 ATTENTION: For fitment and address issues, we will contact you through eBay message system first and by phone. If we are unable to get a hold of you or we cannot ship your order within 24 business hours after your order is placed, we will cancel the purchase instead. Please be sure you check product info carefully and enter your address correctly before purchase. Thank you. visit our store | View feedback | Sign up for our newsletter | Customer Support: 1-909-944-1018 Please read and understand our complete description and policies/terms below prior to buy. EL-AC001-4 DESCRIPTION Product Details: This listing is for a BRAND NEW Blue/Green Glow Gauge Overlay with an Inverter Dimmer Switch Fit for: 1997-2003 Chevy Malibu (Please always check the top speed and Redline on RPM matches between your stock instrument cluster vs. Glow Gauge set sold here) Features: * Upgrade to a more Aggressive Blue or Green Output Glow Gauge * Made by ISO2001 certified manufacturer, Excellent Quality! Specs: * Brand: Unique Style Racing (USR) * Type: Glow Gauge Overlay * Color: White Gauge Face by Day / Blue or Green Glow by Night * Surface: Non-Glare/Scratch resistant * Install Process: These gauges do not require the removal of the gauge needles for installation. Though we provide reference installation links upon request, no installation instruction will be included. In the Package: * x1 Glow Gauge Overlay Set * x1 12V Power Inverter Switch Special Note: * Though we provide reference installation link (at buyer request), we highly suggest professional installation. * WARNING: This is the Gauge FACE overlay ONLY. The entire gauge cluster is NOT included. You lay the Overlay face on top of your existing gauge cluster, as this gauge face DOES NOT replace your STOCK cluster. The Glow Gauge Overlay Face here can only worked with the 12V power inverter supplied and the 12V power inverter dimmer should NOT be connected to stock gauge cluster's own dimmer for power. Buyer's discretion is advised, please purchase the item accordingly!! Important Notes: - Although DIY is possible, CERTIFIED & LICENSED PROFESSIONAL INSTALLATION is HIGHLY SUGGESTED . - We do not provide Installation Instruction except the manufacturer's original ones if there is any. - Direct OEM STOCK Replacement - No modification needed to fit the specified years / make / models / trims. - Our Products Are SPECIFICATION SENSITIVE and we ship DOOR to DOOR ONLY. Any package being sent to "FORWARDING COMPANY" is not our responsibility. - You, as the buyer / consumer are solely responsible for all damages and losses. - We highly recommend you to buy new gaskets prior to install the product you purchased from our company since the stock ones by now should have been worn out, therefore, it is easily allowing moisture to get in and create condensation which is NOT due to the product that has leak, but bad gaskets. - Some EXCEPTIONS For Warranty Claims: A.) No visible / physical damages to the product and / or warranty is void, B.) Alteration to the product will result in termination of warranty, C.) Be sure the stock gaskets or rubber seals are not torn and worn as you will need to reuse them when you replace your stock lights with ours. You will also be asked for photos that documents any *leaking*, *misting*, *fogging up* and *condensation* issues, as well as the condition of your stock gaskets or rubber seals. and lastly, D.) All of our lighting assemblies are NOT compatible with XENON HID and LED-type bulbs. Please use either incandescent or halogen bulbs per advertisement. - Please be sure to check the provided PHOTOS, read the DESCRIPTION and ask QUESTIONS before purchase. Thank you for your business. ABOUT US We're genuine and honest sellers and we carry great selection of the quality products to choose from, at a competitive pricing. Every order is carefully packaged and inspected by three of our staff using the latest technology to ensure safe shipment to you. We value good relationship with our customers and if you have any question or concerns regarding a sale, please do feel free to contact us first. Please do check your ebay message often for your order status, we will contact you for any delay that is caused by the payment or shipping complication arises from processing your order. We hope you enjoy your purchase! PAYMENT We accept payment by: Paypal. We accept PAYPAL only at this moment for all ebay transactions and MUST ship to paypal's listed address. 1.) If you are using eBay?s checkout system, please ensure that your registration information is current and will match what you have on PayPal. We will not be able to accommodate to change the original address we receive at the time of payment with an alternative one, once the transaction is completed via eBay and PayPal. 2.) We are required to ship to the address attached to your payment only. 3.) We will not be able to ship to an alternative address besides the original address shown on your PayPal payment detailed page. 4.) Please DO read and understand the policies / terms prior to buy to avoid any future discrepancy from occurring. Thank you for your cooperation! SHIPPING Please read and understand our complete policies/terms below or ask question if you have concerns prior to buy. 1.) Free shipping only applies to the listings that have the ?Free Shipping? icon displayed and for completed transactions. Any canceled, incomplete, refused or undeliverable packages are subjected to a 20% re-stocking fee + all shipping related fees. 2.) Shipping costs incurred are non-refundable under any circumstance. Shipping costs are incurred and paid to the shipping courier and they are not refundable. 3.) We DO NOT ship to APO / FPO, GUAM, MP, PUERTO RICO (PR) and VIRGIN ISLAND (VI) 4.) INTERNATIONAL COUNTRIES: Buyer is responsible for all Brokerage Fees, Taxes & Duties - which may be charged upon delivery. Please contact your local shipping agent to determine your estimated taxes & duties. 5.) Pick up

--

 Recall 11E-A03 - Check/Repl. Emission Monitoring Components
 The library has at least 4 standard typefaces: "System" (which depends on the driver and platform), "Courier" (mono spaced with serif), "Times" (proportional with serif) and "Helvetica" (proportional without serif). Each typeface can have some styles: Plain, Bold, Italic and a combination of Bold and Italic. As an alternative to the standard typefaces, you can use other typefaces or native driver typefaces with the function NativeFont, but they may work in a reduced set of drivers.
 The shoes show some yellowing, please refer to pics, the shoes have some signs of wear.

## PROBLEM DETAILS:
What you give back should be only the lines of the records above, starting at the line with "Recall 11E-A03 - Check/Repl." and ending at the line with "The shoes show", restated word for word.

## ANSWER TO THE PROBLEM:
 Recall 11E-A03 - Check/Repl. Emission Monitoring Components
 The library has at least 4 standard typefaces: "System" (which depends on the driver and platform), "Courier" (mono spaced with serif), "Times" (proportional with serif) and "Helvetica" (proportional without serif). Each typeface can have some styles: Plain, Bold, Italic and a combination of Bold and Italic. As an alternative to the standard typefaces, you can use other typefaces or native driver typefaces with the function NativeFont, but they may work in a reduced set of drivers.
 The shoes show some yellowing, please refer to pics, the shoes have some signs of wear.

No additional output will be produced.